Les questions et les réponses s’enchainent à un rythme effréné. Extraits : « Vous dites refuser la polémique sur le bien-fondé de la décision gouvernementale mais prenez parti pour les opposants à la base. Comment le justifiez-vous ? » « Les nuisances relevées constituent des faits objectifs avec lesquels la population locale doit composer depuis longtemps. AgroLead estime qu’il est de son devoir de rassurer les habitants en démontrant que la réalisation de son projet se traduirait par une amélioration de la qualité de vie. » « Le départ des militaires pénalisera beaucoup de commerces qui les avaient comme clients. Votre projet prend-il en compte cette dimension ? » « Le projet d’AgroLead prévoit déjà d’embaucher sur un millier de postes dont beaucoup pourront être pourvus par de la main d’œuvre locale. En outre, au final, le volume total de personnel sera supérieur à celui travaillant sur la base à ce jour. » « Quelles sont les activités prévues sur le futur site ? » « Le projet prévoit de consacrer entièrement le site à une production biologique : yaourts et fromages au lait de brebis, huile d’olive et tapenade pour l’essentiel. L’approvisionnement sera local, en circuit court, ce qui redynamisera l’économie régionale. » « Dans quel délai pensez pouvoir ouvrir le site et démarrer la production ? » « Etant donné que les installations militaires correspondent à nos besoins les travaux se limiteront à leur réaménagement intérieur. Par conséquent l’ouverture devrait intervenir rapidement, dans les six mois au plus tard. » « Que ferez-vous si, du fait de la pression des nationalistes, le gouvernement décidait de reporter la fermeture de la base après les prochaines élections générales ? » « Il est évident que dans le secteur ultra concurrentiel où se situe l’activité d’AgroLead, un tel report serait très préjudiciable à la compétitivité de l’entreprise. Dans cette hypothèse, nous n’aurions d’autre choix que d’aller nous implanter à l’étranger. » « N’êtes-vous en train d’exercer une pression sur le gouvernement en pratiquant du chantage à l’emploi ? » « AgroLead est partie prenante d’une guerre économique qui se déroule dans le cadre de la mondialisation. Ses options sont donc limitées et conditionnées par cet environnement. Il appartient maintenant au gouvernement de décider où se trouve l’intérêt national. »
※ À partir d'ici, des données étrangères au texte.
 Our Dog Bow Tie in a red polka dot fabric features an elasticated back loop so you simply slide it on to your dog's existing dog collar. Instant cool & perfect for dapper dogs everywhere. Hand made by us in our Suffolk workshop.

Récapitulons : avec son projet d’implantation AgroLead créera des emplois LOCAUX. Rapidement. Son activité profitera à l’économie LOCALE. Sa production respectera l’environnement LOCAL. Après l’envoi de ces missiles, je sais avec certitude que les « oiseaux de malheur » ont perdu des plumes et qu’ils mordront bientôt la poussière. Il suffit de voir le succès médiatique de mon intervention pour anticiper ce qui va suivre. L’honnêteté m’oblige à reconnaître que c’est la Raison qui l’a emportée. Mes talents d’orateur, mon habileté rhétorique, n’ont servi qu’à mettre en valeur l’évidence : le remplacement de la base aérienne par l’installation de notre site constitue une plus-value indiscutable et recueille sans surprise une adhésion majoritaire dans la population.
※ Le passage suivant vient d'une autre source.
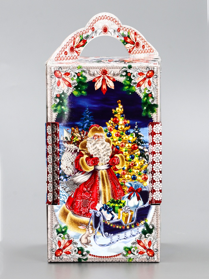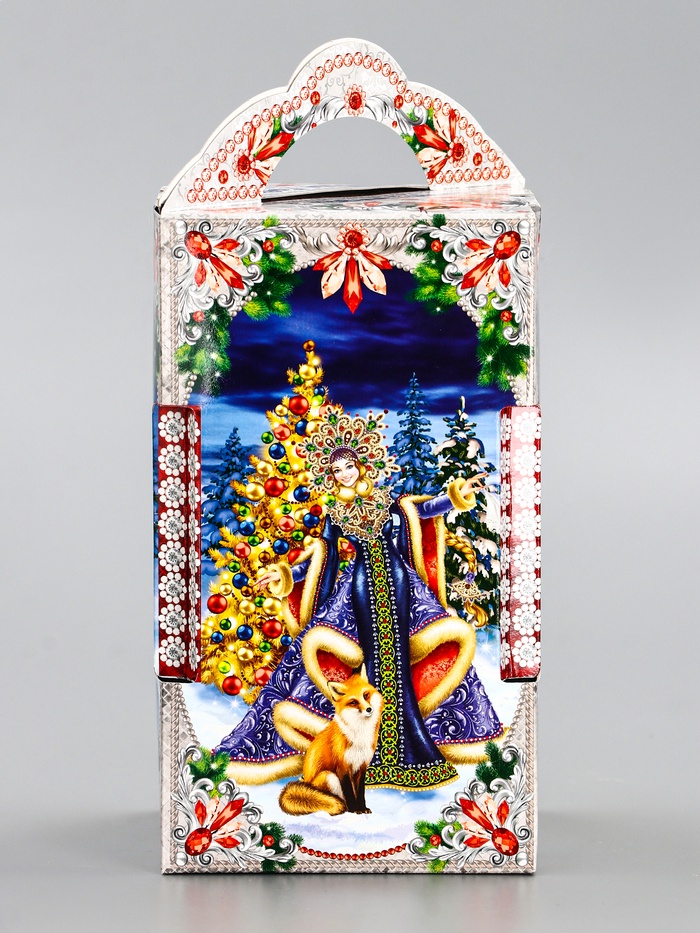 Создайте атмосферу новогоднего чуда! Коробка «Чудесный» — это яркая упаковка для сладких подарков в виде нарядного сундучка. Разноцветный дизайн с праздничными элементами создаёт ощущение волшебства и радости.

Je peux d’ailleurs mesurer ma popularité à chaque déplacement que je fais. Aucune décision n’a encore été annoncée mais personne ne doute du résultat. On me salue dans la rue. On vient me serrer la main d’un air solennel ou on me remercie avec effusion pour mon engagement. Les groupes que je croise m’acclament. Bref, j’incarne la figure du sauveur.

J’apprécie ces marques d’affection sans fausse modestie. Non par inclination narcissique mais parce qu’elles récompensent mon engagement au service de l’intérêt général. Je ne cherche pas à « plaire », je veux m’accomplir. Je ne suis pas un séducteur. Mon succès avec la gent féminine, par exemple, ne résulte en rien d’une stratégie de conquête. Mes amours s’inscrivent dans le cadre de mes aventures. Elles n’en constituent que l’un des aspects, jamais l’objectif.

Il en va de même pour la célébrité. Bien que sensible à l’expression de la reconnaissance, elle ne demeure cependant que le corollaire d’une quête bien plus large. Ainsi, la notoriété dans le présent ne m’importe qu’au regard de son éventuel prolongement vers la postérité. Porté par un courant qui me dépasse, je m’efforce de le chevaucher du mieux que je le peux, sans crainte ni souci de savoir où il m’entraine.

Tandis que l’immense majorité de mes congénères barbote près du rivage, je me laisse pousser en haute mer par une onde puissante qui m’éloigne inexorablement d’eux. Jour après jour notre horizon diffère davantage. Le leur se réduit aux ambitions conformistes définies par la société. Le mien confine au mystère qu’animent les forces naturelles. Ils veulent réussir leur vie. Je veux construire ma légende car je me projette dans l’Eternité.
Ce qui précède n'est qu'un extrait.